Zc_mean <- sapply(sapply(sapply(names(top50_phyla), phylum_to_genus), get_Zc), mean)
nH2O_mean <- sapply(sapply(sapply(names(top50_phyla), phylum_to_genus), get_nH2O), mean)
domain <- taxnames$superkingdom[match(names(top50_phyla), taxnames$phylum)]
pchs <- c(24, 21, 23)
pch <- sapply(domain, switch, Archaea = pchs[1], Bacteria = pchs[2], Viruses = pchs[3])
bgs <- topo.colors(3, alpha = 0.5)
bg <- sapply(domain, switch, Archaea = bgs[1], Bacteria = bgs[2], Viruses = bgs[3])
opar <- par(mar = c(4, 4, 1, 1))
plot(Zc_mean, nH2O_mean, xlab = chemlab("Zc"), ylab = chemlab("nH2O"), pch = pch, bg = bg)
ilow <- nH2O_mean < -0.77 & domain == "Bacteria"
xadj <- c(-0.9, -0.8, 0.8, 1, -0.8)
yadj <- c(0, 1, 1, -1, -1)
text(Zc_mean[ilow] + 0.02 * xadj, nH2O_mean[ilow] + 0.005 * yadj, names(top50_phyla[ilow]), cex = 0.9)
legend("bottomleft", c("Archaea", "Bacteria", "Viruses"), pch = pchs, pt.bg = bgs)

par(opar)

See take-home message #3.

Other metrics

Besides Z_C and nH₂O, the calc_metrics() function in canprot can calculate elemental ratios (H/C, N/C, O/C, and S/C), grand average of hydropathicity (GRAVY), isoelectric point (pI), average molecular weight of amino acid residues (MW), and protein length.

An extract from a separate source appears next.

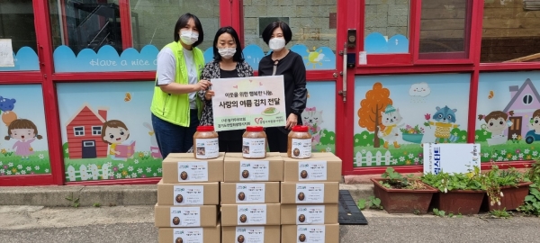 이날 농가주부모임 경기도연합회광명시지회 소속 자원봉자들은 아동들의 균형 있는 영양섭취를 위해 직접 만든 열무김치 5kg 및 오이김치 5kg에 된장을 추가해 여름김치 꾸러미를 제작했다.

AAcomp <- taxon_AA[match(classes, taxon_AA$organism), ]
metrics <- canprot::calc_metrics(AAcomp, c("HC", "OC", "NC", "SC", "GRAVY", "pI", "MW", "plength"))
layout(rbind(c(1, 2, 5), c(3, 4, 5)), widths = c(2, 2, 1.5))
opar <- par(mar = c(4.5, 4, 1, 1), cex = 1)
plot(metrics$OC, metrics$HC, col = 1:10, pch = 1:10, xlab = "O/C", ylab = "H/C")
plot(metrics$NC, metrics$SC, col = 1:10, pch = 1:10, xlab = "N/C", ylab = "S/C")
plot(metrics$pI, metrics$GRAVY, col = 1:10, pch = 1:10, xlab = "pI", ylab = "GRAVY")
plot(metrics$plength, metrics$MW, col = 1:10, pch = 1:10, xlab = "Length", ylab = "MW")
plot.new()
legend("right", classes, col = 1:10, pch = 1:10, bty = "n", xpd = NA)

par(opar)

Take-home messages

Methanococci and Epsilonproteobacteria are prokaryotic classes whose genera have proteins with the lowest mean Z_C in their respective phyla.
Proteins in Gammaproteobacteria tend to have lower nH₂O than Alpha- and Betaproteobacteria.
Viral proteins have lower nH₂O than most Bacteria and Archaea.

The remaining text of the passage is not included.